Geom-based Disk SchedulersDisk scheduling is a consolidated topic in computer science. Some of the well-known results reached by the research community have been even developed on FreeBSD, but did not made into the main system for a number of reasons.
With Fabio Checconi, we have developed a prototype framework to introduce pluggable disk schedulers in the Geom layer. It basically consists in a Geom class that queues up requests going to the provider it is attached to, and releases them according to the algorithm, which is implemented in an external module. For a description on what geom_sched does, please have a look at the BSDCan 2009 slides
The code is currently (April 2010) available as part of FreeBSD HEAD. A version for FreeBSD 8 and FreeBSD 7 is available as 20100412-geom_sched.tgz
As a quick example of what this code can give you, try to run "dd", "tar", or some other program with highly SEQUENTIAL access patterns, together with "cvs", "cvsup", "svn" or other highly RANDOM access patterns (this is not a made-up example: it is pretty common for developers to have one or more apps doing random accesses, and others that do sequential accesses e.g., loading large binaries from disk, checking the integrity of tarballs, watching media streams and so on).
These are the results we get on a local machine (AMD BE2400 dual core CPU, SATA 250GB disk):
/mnt is a partition mounted on /dev/ad0s1f cvs: cvs -d /mnt/home/ncvs-local update -Pd /mnt/ports dd-read: dd bs=128k of=/dev/null if=/dev/ad0 (or ad0-sched-) dd-writew dd bs=128k if=/dev/zero of=/mnt/largefile NO SCHEDULER RR SCHEDULER dd cvs dd cvs dd-read only 72 MB/s ---- 72 MB/s --- dd-write only 55 MB/s --- 55 MB/s --- dd-read+cvs 6 MB/s ok 30 MB/s ok dd-write+cvs 55 MB/s slooow 14 MB/s ok
As you can see, when a cvs is running concurrently with dd, the performance drops dramatically, and depending on read or write mode, one of the two is severely penalized. The use of the RR scheduler in this example makes the dd-reader go much faster when competing with cvs, and lets cvs progress when competing with a writer.
To try the code
NOTES ON THE SCHEDULERSThe important contribution of this code is the framework to experiment with different scheduling algorithms. 'Anticipatory scheduling' is a very powerful technique based on the following reasoning:
The disk throughput is much better if it serves sequential requests. If we have a mix of sequential and random requests, and we see a non-sequential request, do not serve it immediately but instead wait a little bit (2..5ms) to see if there is another one coming that the disk can serve more efficiently.There are many details that should be added to make sure that the mechanism is effective with different workloads and systems, to gain a few extra percent in performance, to improve fairness, insulation among processes etc. A discussion of the vast literature on the subject is beyond the purpose of this short note.
geom_sched is an ordinary geom module, however it is convenient to plug it transparently into the geom graph, so that one can enable or disable scheduling on a mounted filesystem, and the names in /etc/fstab do not depend on the presence of the scheduler.

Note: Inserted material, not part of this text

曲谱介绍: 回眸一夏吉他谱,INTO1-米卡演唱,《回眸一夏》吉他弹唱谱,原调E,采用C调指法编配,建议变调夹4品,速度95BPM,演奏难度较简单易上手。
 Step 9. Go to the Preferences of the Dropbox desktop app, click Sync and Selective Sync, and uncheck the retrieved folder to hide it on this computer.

To understand how this works in practice, remember that in GEOM we have "providers" and "geom" objects. Say that we want to hook a scheduler on provider "ad0", accessible through pointer 'pp'. Originally, pp is attached to geom "ad0" (same name, different object) accessible through pointer old_gp
BEFORE ---> [ pp --> old_gp ...]
A normal "geom sched create ad0" call would create a new geom node on top of provider ad0/pp, and export a newly created provider ("ad0.sched." accessible through pointer newpp).

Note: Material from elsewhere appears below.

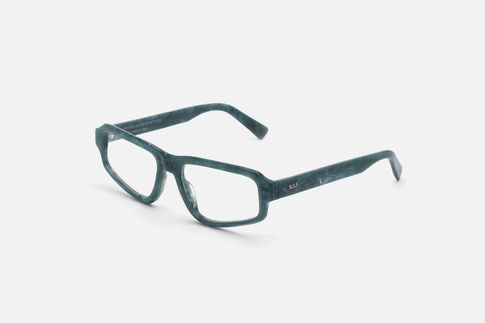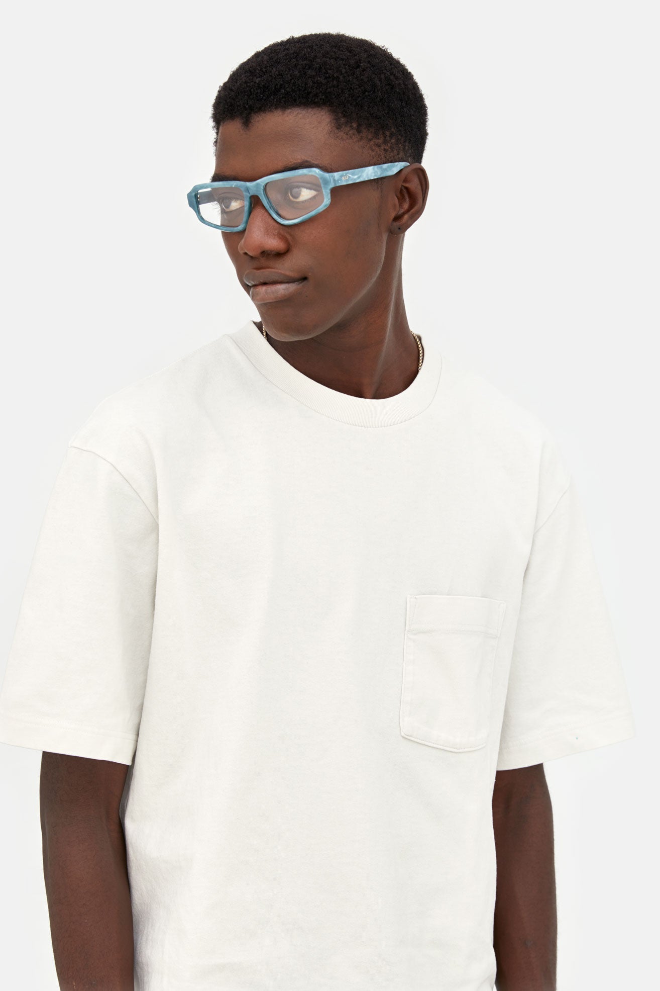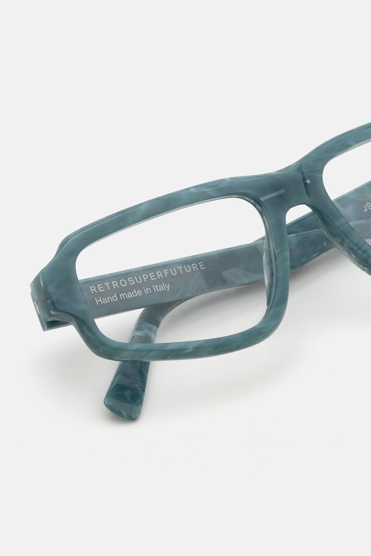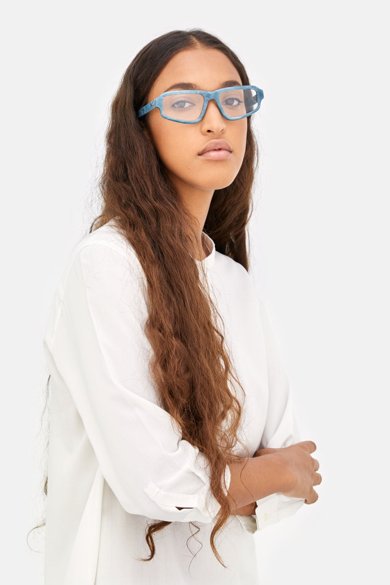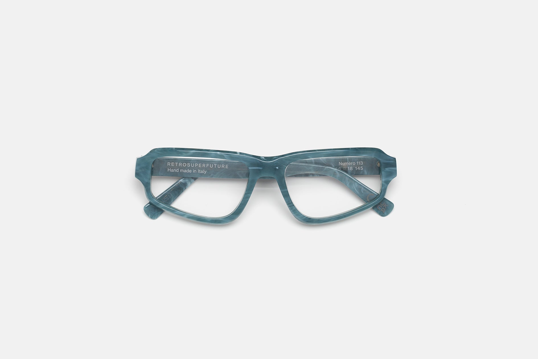 Numero 113 is a bold Optical frame that oozes with character. Inspired by streamlined, sportswear-style pieces, Numero 113 is designed as a compact mask, with a thick brow-line and slanted lenses. Chiselled acetate rims are shaped for lightness in everyday use, while adding an architectural quality to the frame. This version comes in a unique blue marbled acetate.

AFTER create ---> [ newpp --> gp --> cp ] ---> [ pp --> old_gp ... ]
On top of newpp, a whole tree will be created automatically, and we can e.g. mount partitions on /dev/ad0.sched.s1d, and those requests will go through the scheduler, whereas any partition mounted on the pre-existing device entries will not go through the scheduler.

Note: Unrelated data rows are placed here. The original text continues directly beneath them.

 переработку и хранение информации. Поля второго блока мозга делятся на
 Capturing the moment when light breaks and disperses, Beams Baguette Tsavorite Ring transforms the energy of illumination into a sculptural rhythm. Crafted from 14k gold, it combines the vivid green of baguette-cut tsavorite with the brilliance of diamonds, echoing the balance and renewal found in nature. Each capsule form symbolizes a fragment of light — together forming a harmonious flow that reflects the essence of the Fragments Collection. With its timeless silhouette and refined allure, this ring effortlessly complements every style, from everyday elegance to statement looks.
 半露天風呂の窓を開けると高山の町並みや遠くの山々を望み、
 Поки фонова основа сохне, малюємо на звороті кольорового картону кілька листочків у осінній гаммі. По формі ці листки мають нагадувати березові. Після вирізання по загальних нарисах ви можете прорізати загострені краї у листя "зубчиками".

With the transparent insert mechanism, the original provider "ad0" is hooked to the newly created geom, as follows:
AFTER insert ---> [ pp --> gp --> cp ] ---> [ newpp --> old_gp ... ]
so anything that was previously using provider pp will now have the requests routed through the scheduler node.
A removal ("geom sched destroy ad0.sched.") will restore the original configuration.